10. The real-time early warning system for large deformation of tunnel surrounding rock according to claim 9, characterized in that, The process involves analyzing and processing the standard dataset for large deformation monitoring of surrounding rock combined with the correction dataset using a physical information neural operator model based on Model-Independent Element Learning (MAML) to obtain predicted values of the deformation rate and cumulative deformation over a preset time period. This includes: Based on the monitoring and correction dataset of large deformation of surrounding rock, parameters were extracted to obtain the number of microseismic events, microseismic dominant frequency offset rate, microseismic energy release rate, geostress change, geostress inversion value, surrounding rock category label, excavation disturbance data and support reaction force data, as well as the corresponding measured value of surrounding rock deformation rate and measured value of cumulative deformation.

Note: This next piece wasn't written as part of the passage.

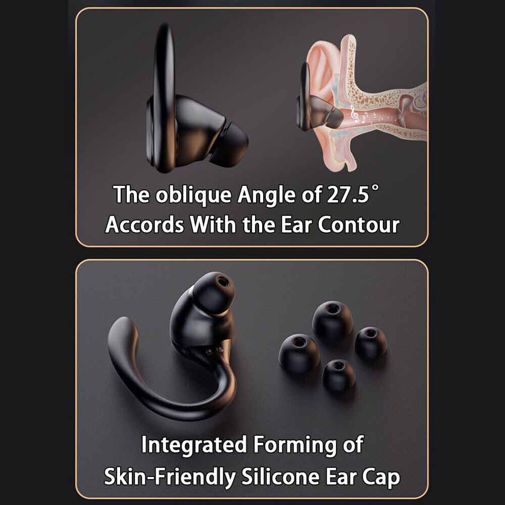 9.Ergonomic & Lightweight Earhooks: Super lightweight and ergonomic silicone earhooks ensure a secure, comfortable fit for any ear. Equipped with 3 pairs of ear caps, which can stay on your ears and get a suitable fitting.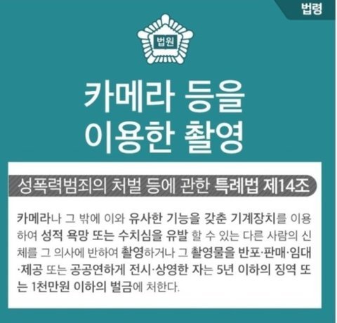이 사진에 나와있는 것처럼 카메라 등을 이용한 촬영은 법적으로 조치가 가능함.

An initial model of the physical information neural operator was constructed, and the weighted sum of the data fitting loss and the partial differential equation physical constraint loss was used as the joint training objective function. The initial model of the physical information neural operator was trained based on the number of microseismic events, the microseismic dominant frequency offset rate, the microseismic energy release rate, the change in ground stress, the ground stress inversion value, the surrounding rock category label, the excavation disturbance data and the support reaction force data, as well as the corresponding measured values of the surrounding rock deformation rate and the cumulative deformation, to obtain the physical information neural operator model. The standard dataset for monitoring large deformation of surrounding rock is input into the physical information neural operator model based on model-independent meta-learning (MAML) for analysis and processing to obtain the deformation rate and cumulative deformation value of surrounding rock over a preset time period.